**Collected data**

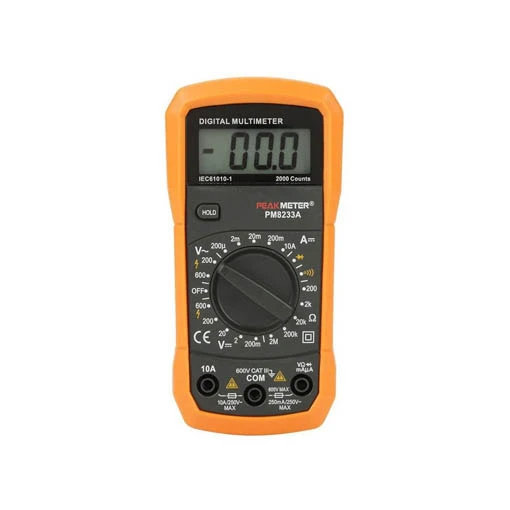 Le multimètre numérique Peak-Meter PM8233A AC/DC vous permettra de mesurer avec précision à l’aide des deux sondes fournies différentes mesures électriques dont la tension d’un courant continu ou alternatif, la résistance et l’intensité. Grâce à ce multimètre, vous pourrez vérifier le bon fonctionnement de vos batteries, chargeurs, drones et autres appareils électriques. Ce multimètre est aussi très utile pour détecter les pannes et leurs provenances, effectuer des tests de continuité et de diode.
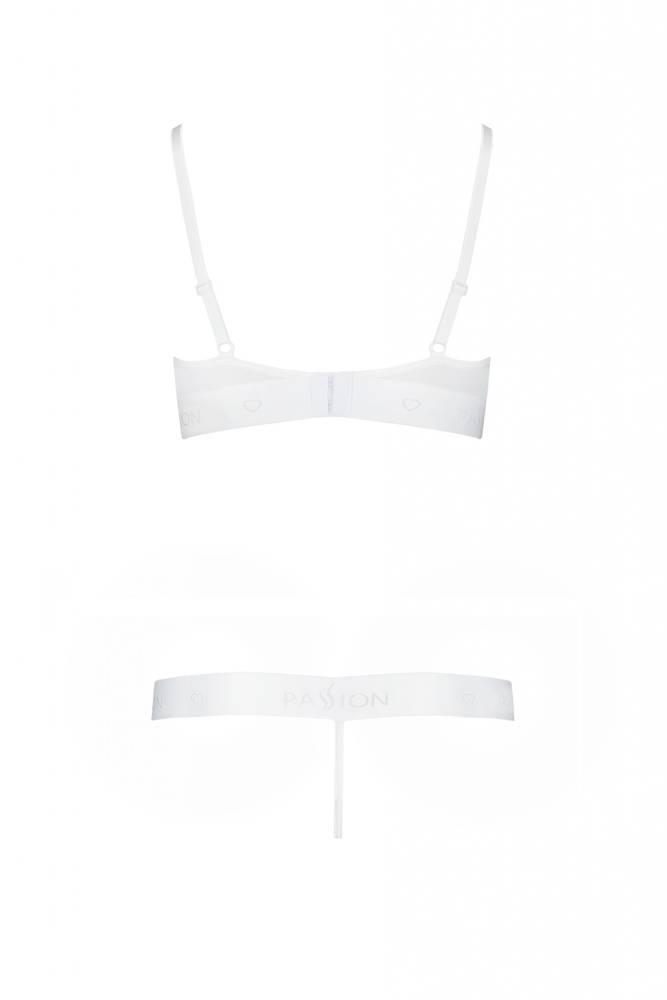 Nietypowy biustonosz typu open bra. Przeznaczony jest dla kobiet lubiących odważną, nietypową bieliznę. Doskonale uwydatnia piersi, a ponętne paski okalające ciało dodają pikanterii do całości. W skład kompletu wchodzi biustonosz typu 'open bra' oraz mocno wycięte stringi
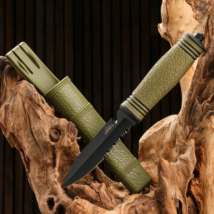 Нож тактический «Альфа», 23 см, клинок 110 мм/3 мм, со стеклобоем и стропорезом, зеленый — Характеристики
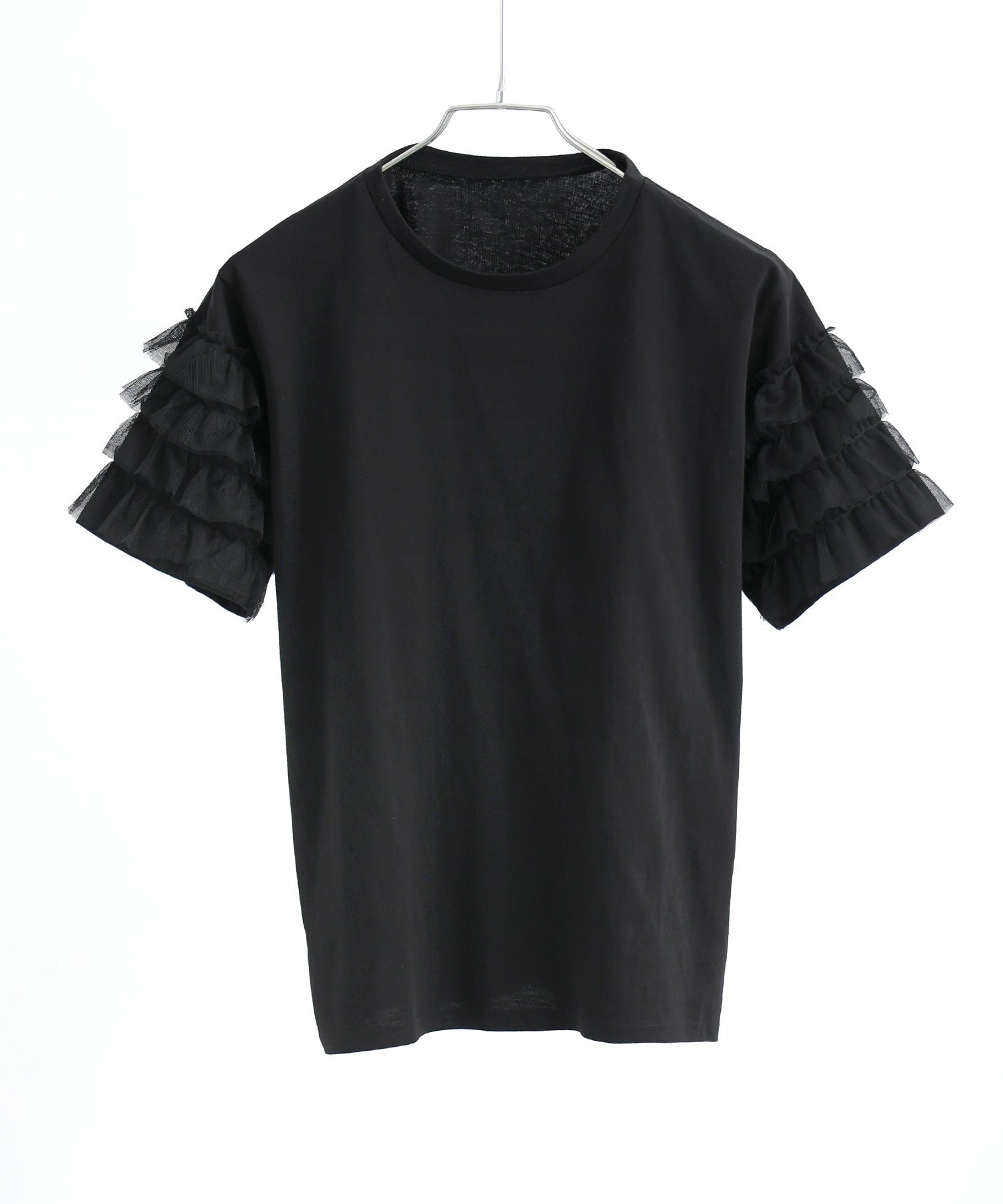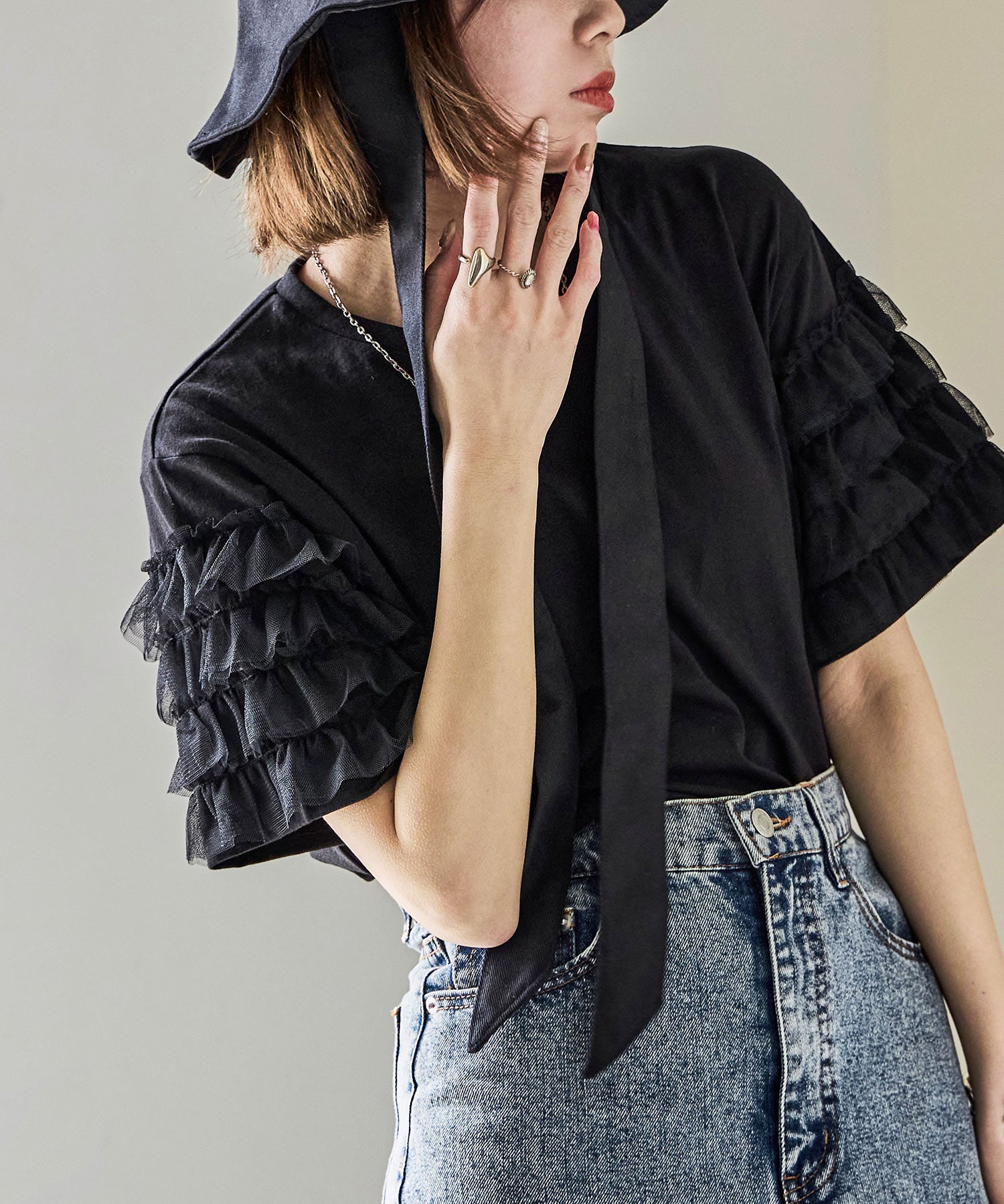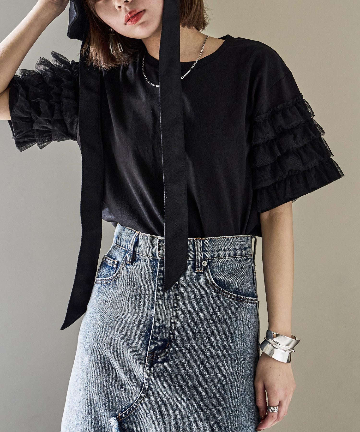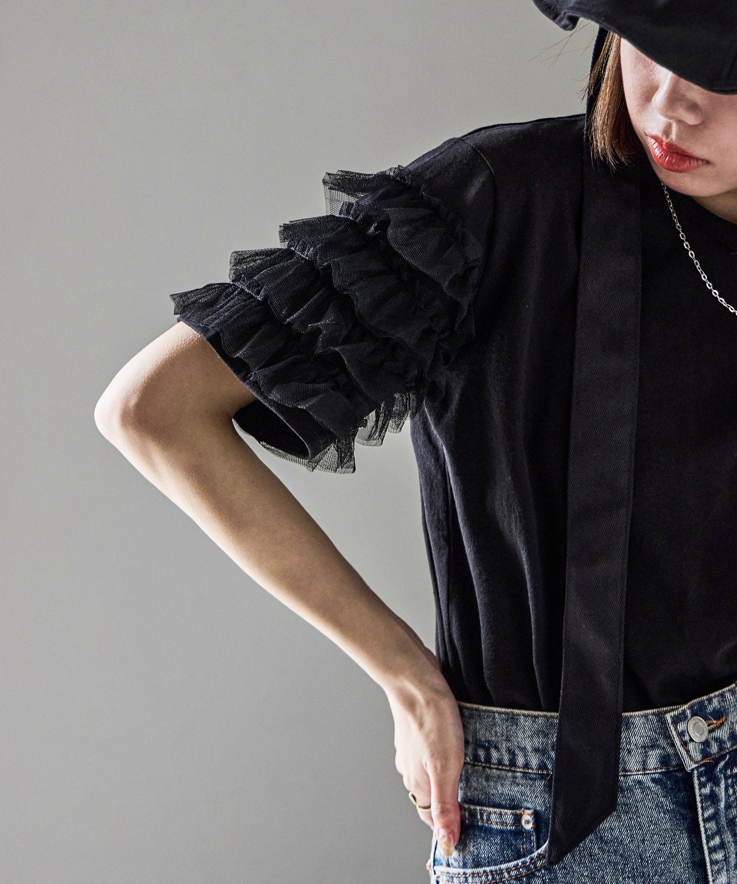 Rname ティアードフリル袖 ブラウスTシャツ カットソー トップス 半袖 Tシャツ ブラウス シャツ Tee フリル ホワイト ブラック 黒 レディース 夏 旅行 キャンプ フェス ゆったり 長め チュニック

**What is expected**
Having located the line with "зеленый — Характеристики", copy it exactly along with every later line through the end of the listing above, but omit the pictures.

**Expected output**
 Нож тактический «Альфа», 23 см, клинок 110 мм/3 мм, со стеклобоем и стропорезом, зеленый — Характеристики
 Rname ティアードフリル袖 ブラウスTシャツ カットソー トップス 半袖 Tシャツ ブラウス シャツ Tee フリル ホワイト ブラック 黒 レディース 夏 旅行 キャンプ フェス ゆったり 長め チュニック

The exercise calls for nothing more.